**AIM OF THE TASK:** Write out the lines below once more, exactly as they appear. Do not include pictures.

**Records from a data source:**
+++

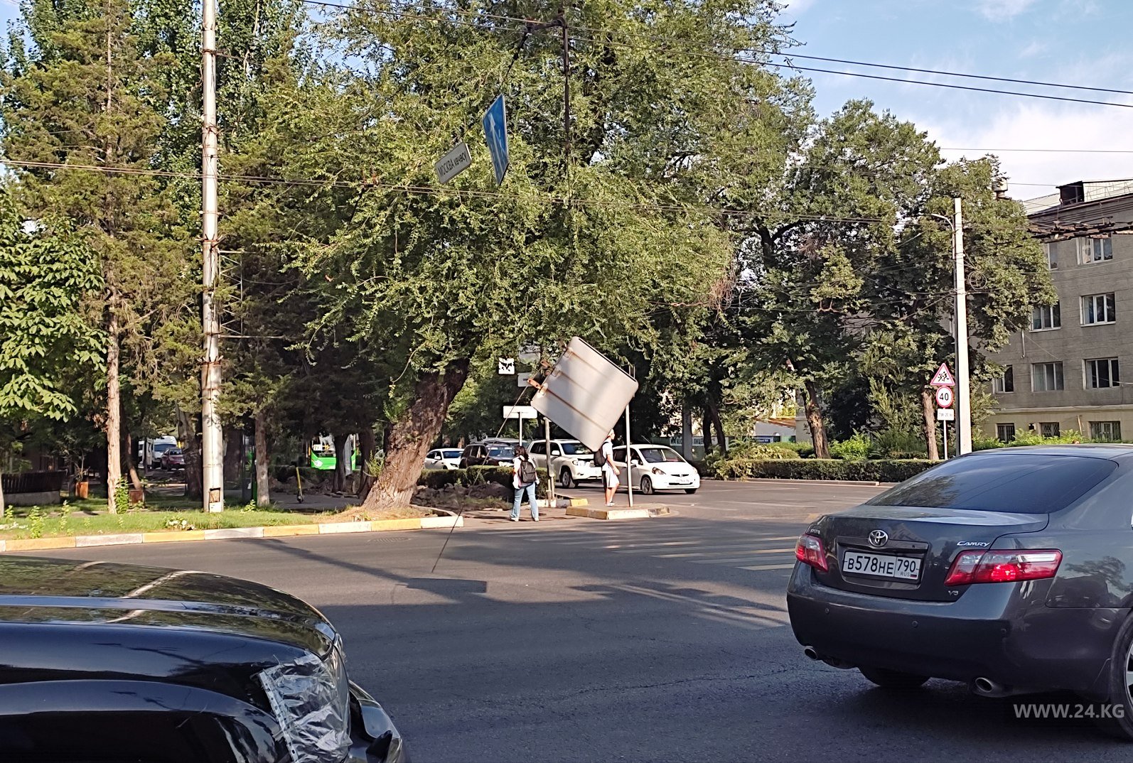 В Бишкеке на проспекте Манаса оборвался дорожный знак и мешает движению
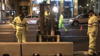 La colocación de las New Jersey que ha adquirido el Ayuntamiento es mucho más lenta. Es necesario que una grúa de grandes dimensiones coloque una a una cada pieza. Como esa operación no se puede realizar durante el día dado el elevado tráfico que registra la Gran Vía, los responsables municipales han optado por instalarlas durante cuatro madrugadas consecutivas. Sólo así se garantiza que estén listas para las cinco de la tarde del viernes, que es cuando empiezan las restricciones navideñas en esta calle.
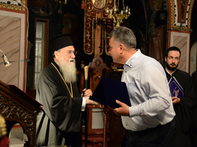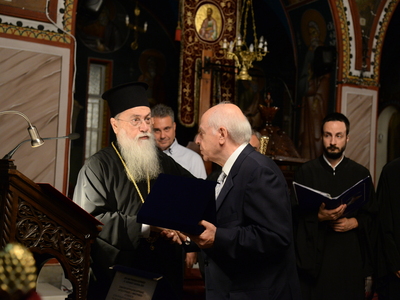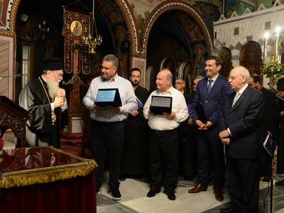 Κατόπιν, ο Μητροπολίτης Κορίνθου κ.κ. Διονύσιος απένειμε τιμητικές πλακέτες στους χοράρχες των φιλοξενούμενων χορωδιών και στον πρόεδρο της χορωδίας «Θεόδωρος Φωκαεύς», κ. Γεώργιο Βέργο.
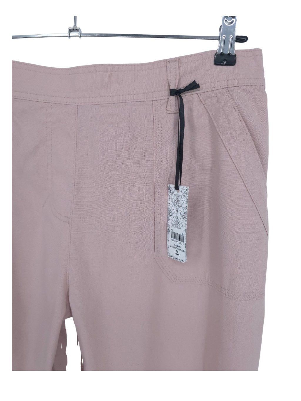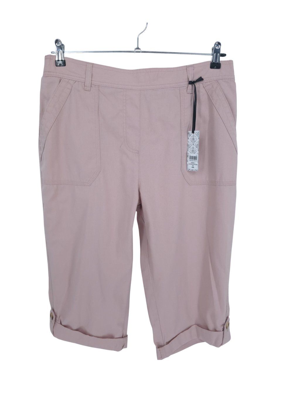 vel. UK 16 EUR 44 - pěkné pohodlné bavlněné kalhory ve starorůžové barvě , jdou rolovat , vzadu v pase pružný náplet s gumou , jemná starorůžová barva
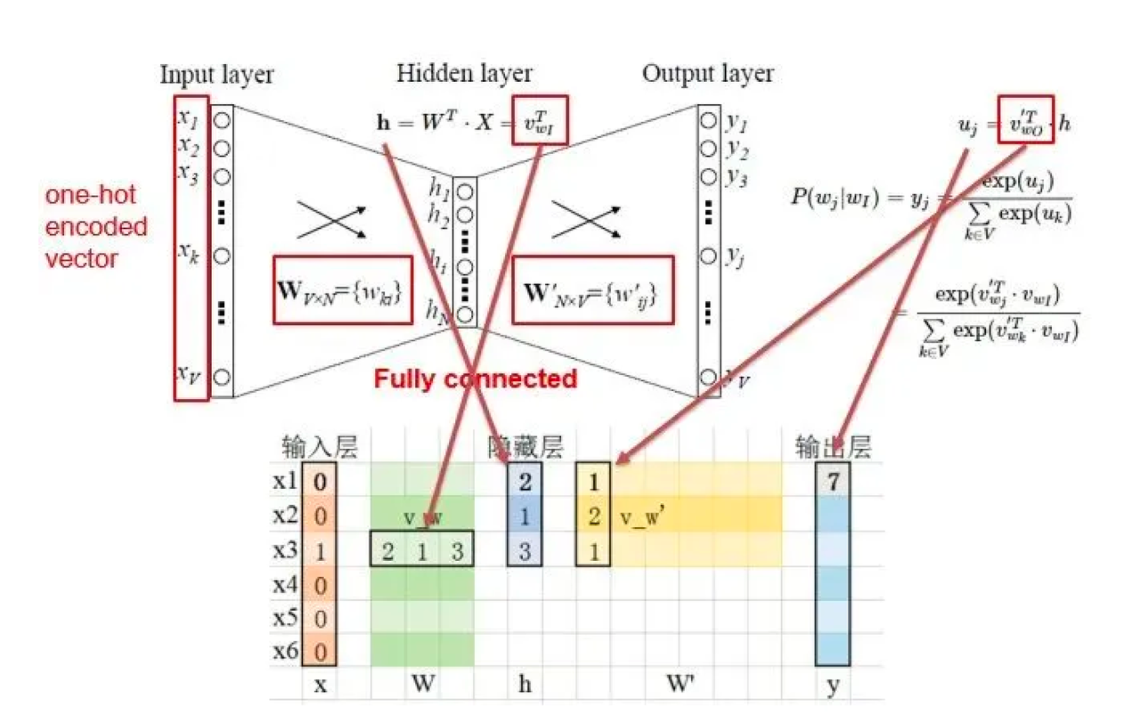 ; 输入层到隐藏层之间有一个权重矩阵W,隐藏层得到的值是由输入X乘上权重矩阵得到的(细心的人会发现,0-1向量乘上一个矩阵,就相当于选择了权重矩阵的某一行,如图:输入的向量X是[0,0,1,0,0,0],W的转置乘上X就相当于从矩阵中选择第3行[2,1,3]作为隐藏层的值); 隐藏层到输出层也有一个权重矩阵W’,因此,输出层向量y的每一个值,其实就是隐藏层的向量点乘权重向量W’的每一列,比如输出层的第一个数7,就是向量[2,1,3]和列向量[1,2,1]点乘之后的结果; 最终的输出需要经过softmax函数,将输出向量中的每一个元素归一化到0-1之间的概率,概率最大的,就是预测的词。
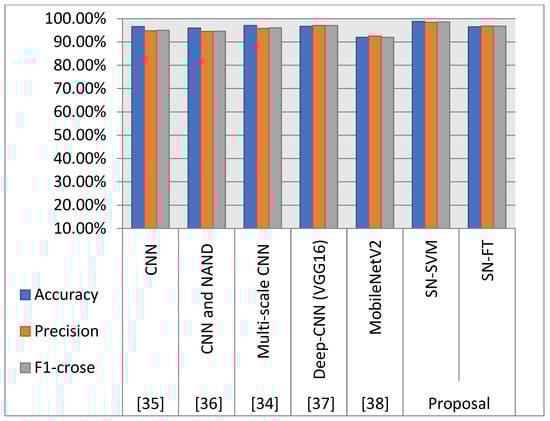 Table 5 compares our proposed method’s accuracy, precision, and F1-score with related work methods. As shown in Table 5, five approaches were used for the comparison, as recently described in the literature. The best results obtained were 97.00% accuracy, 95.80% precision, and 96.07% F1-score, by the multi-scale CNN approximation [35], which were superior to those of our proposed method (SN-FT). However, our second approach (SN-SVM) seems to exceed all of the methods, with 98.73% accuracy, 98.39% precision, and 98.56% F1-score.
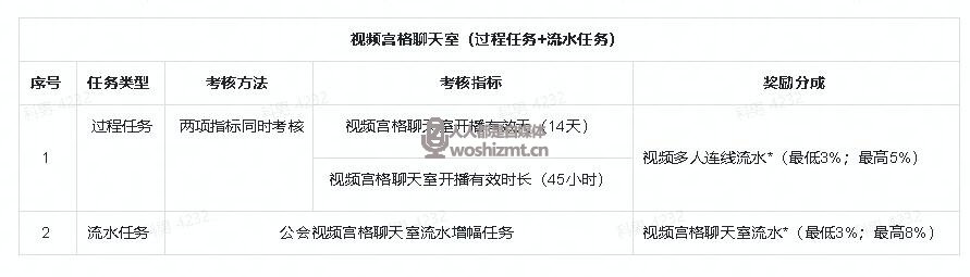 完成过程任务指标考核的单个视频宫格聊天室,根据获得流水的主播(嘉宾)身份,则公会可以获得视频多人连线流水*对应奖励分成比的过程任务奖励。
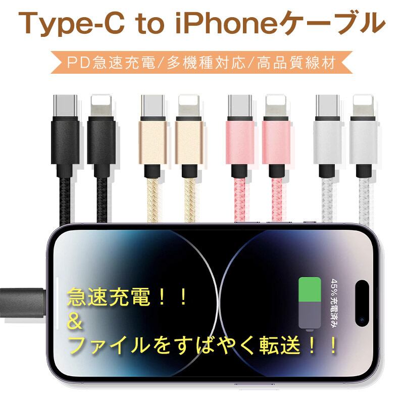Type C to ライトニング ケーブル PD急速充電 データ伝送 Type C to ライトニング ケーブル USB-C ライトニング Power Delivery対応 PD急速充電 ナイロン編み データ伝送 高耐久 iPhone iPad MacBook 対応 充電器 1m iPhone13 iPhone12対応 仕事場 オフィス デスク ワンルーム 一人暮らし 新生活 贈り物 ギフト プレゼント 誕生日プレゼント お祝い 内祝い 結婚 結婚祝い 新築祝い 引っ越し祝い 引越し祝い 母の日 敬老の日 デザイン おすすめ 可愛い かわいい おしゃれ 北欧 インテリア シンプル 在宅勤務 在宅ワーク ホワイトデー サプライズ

+++

**ANSWER FOR THE TASK:**
 В Бишкеке на проспекте Манаса оборвался дорожный знак и мешает движению
 La colocación de las New Jersey que ha adquirido el Ayuntamiento es mucho más lenta. Es necesario que una grúa de grandes dimensiones coloque una a una cada pieza. Como esa operación no se puede realizar durante el día dado el elevado tráfico que registra la Gran Vía, los responsables municipales han optado por instalarlas durante cuatro madrugadas consecutivas. Sólo así se garantiza que estén listas para las cinco de la tarde del viernes, que es cuando empiezan las restricciones navideñas en esta calle.
 Κατόπιν, ο Μητροπολίτης Κορίνθου κ.κ. Διονύσιος απένειμε τιμητικές πλακέτες στους χοράρχες των φιλοξενούμενων χορωδιών και στον πρόεδρο της χορωδίας «Θεόδωρος Φωκαεύς», κ. Γεώργιο Βέργο.
 vel. UK 16 EUR 44 - pěkné pohodlné bavlněné kalhory ve starorůžové barvě , jdou rolovat , vzadu v pase pružný náplet s gumou , jemná starorůžová barva
 ; 输入层到隐藏层之间有一个权重矩阵W,隐藏层得到的值是由输入X乘上权重矩阵得到的(细心的人会发现,0-1向量乘上一个矩阵,就相当于选择了权重矩阵的某一行,如图:输入的向量X是[0,0,1,0,0,0],W的转置乘上X就相当于从矩阵中选择第3行[2,1,3]作为隐藏层的值); 隐藏层到输出层也有一个权重矩阵W’,因此,输出层向量y的每一个值,其实就是隐藏层的向量点乘权重向量W’的每一列,比如输出层的第一个数7,就是向量[2,1,3]和列向量[1,2,1]点乘之后的结果; 最终的输出需要经过softmax函数,将输出向量中的每一个元素归一化到0-1之间的概率,概率最大的,就是预测的词。
 Table 5 compares our proposed method’s accuracy, precision, and F1-score with related work methods. As shown in Table 5, five approaches were used for the comparison, as recently described in the literature. The best results obtained were 97.00% accuracy, 95.80% precision, and 96.07% F1-score, by the multi-scale CNN approximation [35], which were superior to those of our proposed method (SN-FT). However, our second approach (SN-SVM) seems to exceed all of the methods, with 98.73% accuracy, 98.39% precision, and 98.56% F1-score.
 完成过程任务指标考核的单个视频宫格聊天室,根据获得流水的主播(嘉宾)身份,则公会可以获得视频多人连线流水*对应奖励分成比的过程任务奖励。
Type C to ライトニング ケーブル PD急速充電 データ伝送 Type C to ライトニング ケーブル USB-C ライトニング Power Delivery対応 PD急速充電 ナイロン編み データ伝送 高耐久 iPhone iPad MacBook 対応 充電器 1m iPhone13 iPhone12対応 仕事場 オフィス デスク ワンルーム 一人暮らし 新生活 贈り物 ギフト プレゼント 誕生日プレゼント お祝い 内祝い 結婚 結婚祝い 新築祝い 引っ越し祝い 引越し祝い 母の日 敬老の日 デザイン おすすめ 可愛い かわいい おしゃれ 北欧 インテリア シンプル 在宅勤務 在宅ワーク ホワイトデー サプライズ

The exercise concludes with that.